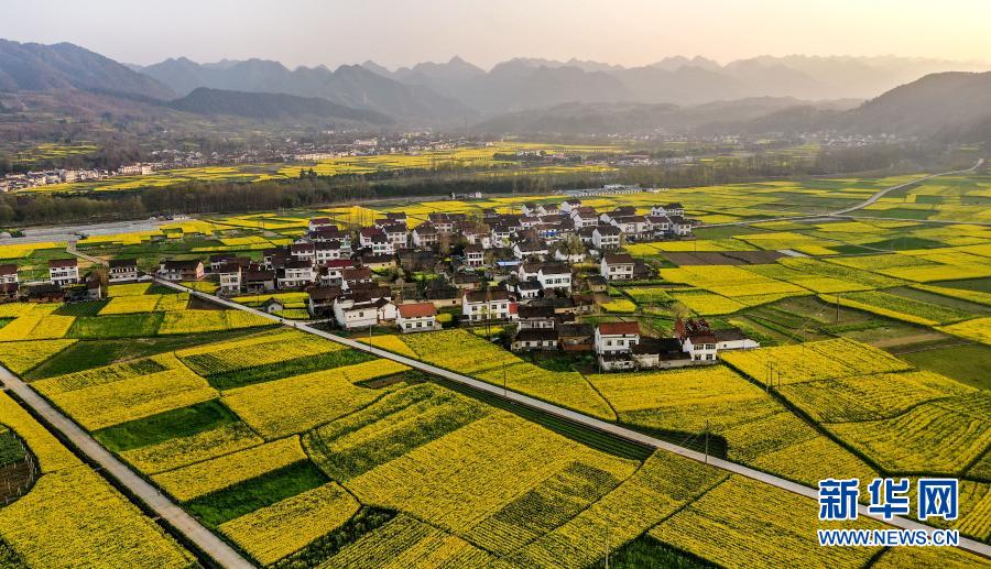 进入3月,陕西省汉中市满眼春色,盛开的油菜花与点缀在山野间的樱桃花、梨花等,将汉中大地装扮成花的海洋。
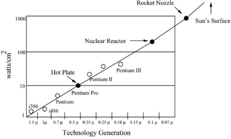 Heat sinks are often mounted over modern microprocessors. With miniaturization and the growth of frequencies, heat dispersion has become a significant problem. To understand this, refer to Figure 67 which shows the power density as a function of the technology.
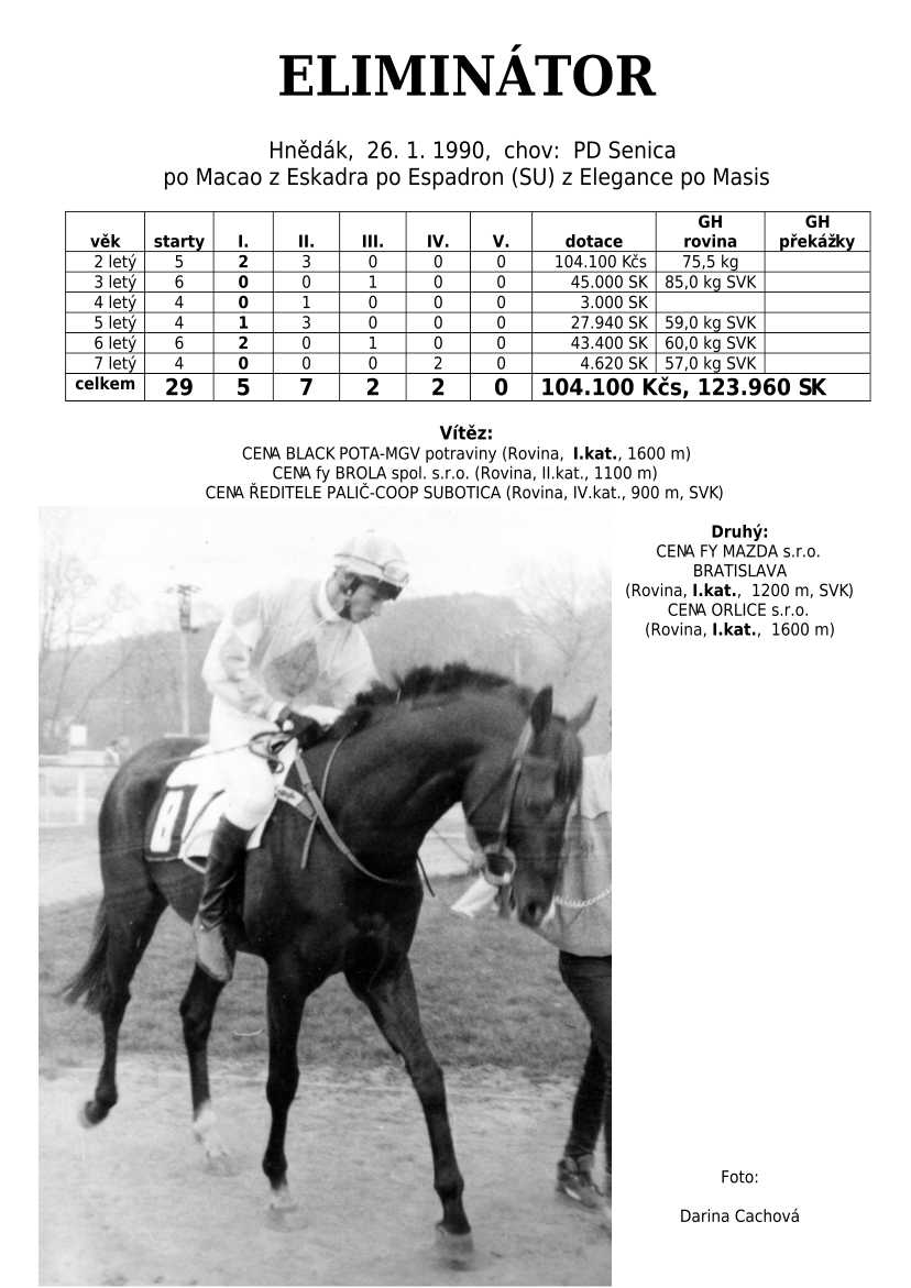Trendem se ukazuje importování hotových koní. Stáda chovných klisen se stále tenčí, i když loňské úspěchy českých odchovanců byly excelentní, ale to už je jiná kapitola...
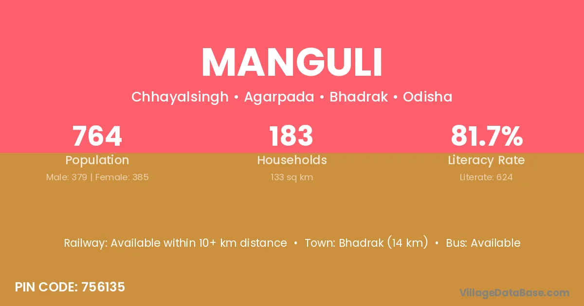 Jagatsinghapur (22 km) is the nearest town to Manguli village for major economic activities and is located approximately 22 km away.

• Problem to work on: Repeat verbatim the lines between the start of the data and the line containing "Trendem se ukazuje", both ends included, omitting all pictures.

• Exercise result:
 进入3月,陕西省汉中市满眼春色,盛开的油菜花与点缀在山野间的樱桃花、梨花等,将汉中大地装扮成花的海洋。
 Heat sinks are often mounted over modern microprocessors. With miniaturization and the growth of frequencies, heat dispersion has become a significant problem. To understand this, refer to Figure 67 which shows the power density as a function of the technology.
Trendem se ukazuje importování hotových koní. Stáda chovných klisen se stále tenčí, i když loňské úspěchy českých odchovanců byly excelentní, ale to už je jiná kapitola...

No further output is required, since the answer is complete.